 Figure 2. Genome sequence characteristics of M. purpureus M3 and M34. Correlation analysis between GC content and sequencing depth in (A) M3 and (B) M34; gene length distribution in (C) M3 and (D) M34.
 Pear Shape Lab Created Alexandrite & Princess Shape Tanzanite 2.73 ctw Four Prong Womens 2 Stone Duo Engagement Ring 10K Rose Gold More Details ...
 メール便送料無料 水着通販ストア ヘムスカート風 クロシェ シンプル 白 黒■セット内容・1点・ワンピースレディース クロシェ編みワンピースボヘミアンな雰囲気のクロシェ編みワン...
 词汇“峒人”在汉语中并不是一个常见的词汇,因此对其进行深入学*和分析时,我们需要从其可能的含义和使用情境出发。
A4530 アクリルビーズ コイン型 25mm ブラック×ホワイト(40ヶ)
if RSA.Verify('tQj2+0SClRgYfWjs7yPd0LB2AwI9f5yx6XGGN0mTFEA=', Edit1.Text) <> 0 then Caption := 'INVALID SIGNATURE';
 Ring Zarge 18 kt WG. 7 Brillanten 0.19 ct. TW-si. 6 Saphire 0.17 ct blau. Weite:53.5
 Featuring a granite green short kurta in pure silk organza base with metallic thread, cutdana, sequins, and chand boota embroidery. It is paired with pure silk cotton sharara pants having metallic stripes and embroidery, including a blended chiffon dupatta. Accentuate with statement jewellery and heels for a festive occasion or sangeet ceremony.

=====

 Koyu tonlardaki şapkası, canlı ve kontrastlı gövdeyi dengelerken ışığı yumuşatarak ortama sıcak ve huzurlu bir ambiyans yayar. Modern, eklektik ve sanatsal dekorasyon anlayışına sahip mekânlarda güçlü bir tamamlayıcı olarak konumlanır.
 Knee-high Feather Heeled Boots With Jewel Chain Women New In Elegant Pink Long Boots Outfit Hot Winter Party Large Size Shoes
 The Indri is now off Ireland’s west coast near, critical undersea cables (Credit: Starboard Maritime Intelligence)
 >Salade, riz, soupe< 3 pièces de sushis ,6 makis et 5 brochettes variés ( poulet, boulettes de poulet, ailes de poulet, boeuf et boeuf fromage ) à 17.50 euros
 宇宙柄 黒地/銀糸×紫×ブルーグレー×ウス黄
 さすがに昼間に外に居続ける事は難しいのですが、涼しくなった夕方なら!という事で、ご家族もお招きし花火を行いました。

=====

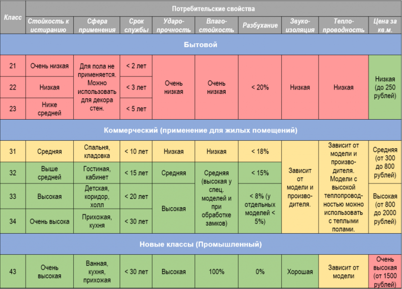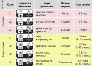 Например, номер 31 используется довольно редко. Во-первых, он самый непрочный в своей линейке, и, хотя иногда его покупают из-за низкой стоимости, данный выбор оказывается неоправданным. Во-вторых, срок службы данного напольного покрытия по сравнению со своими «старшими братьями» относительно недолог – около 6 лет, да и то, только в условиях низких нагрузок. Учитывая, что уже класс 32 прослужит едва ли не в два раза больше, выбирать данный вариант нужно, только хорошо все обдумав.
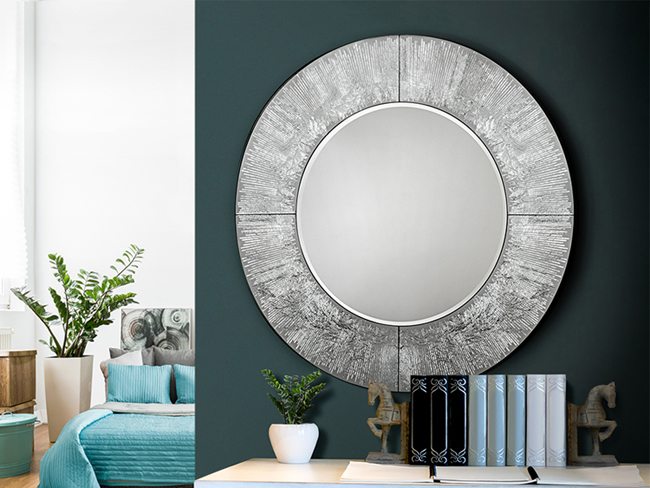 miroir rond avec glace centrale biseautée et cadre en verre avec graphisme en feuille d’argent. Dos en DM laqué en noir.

=====

In the listing above, the lines from the one containing "The Indri is" through the one containing "さすがに昼間に外に居続ける事" must be set down exactly, with no other lines.

*ANSWER SPACE*
 The Indri is now off Ireland’s west coast near, critical undersea cables (Credit: Starboard Maritime Intelligence)
 >Salade, riz, soupe< 3 pièces de sushis ,6 makis et 5 brochettes variés ( poulet, boulettes de poulet, ailes de poulet, boeuf et boeuf fromage ) à 17.50 euros
 宇宙柄 黒地/銀糸×紫×ブルーグレー×ウス黄
 さすがに昼間に外に居続ける事は難しいのですが、涼しくなった夕方なら!という事で、ご家族もお招きし花火を行いました。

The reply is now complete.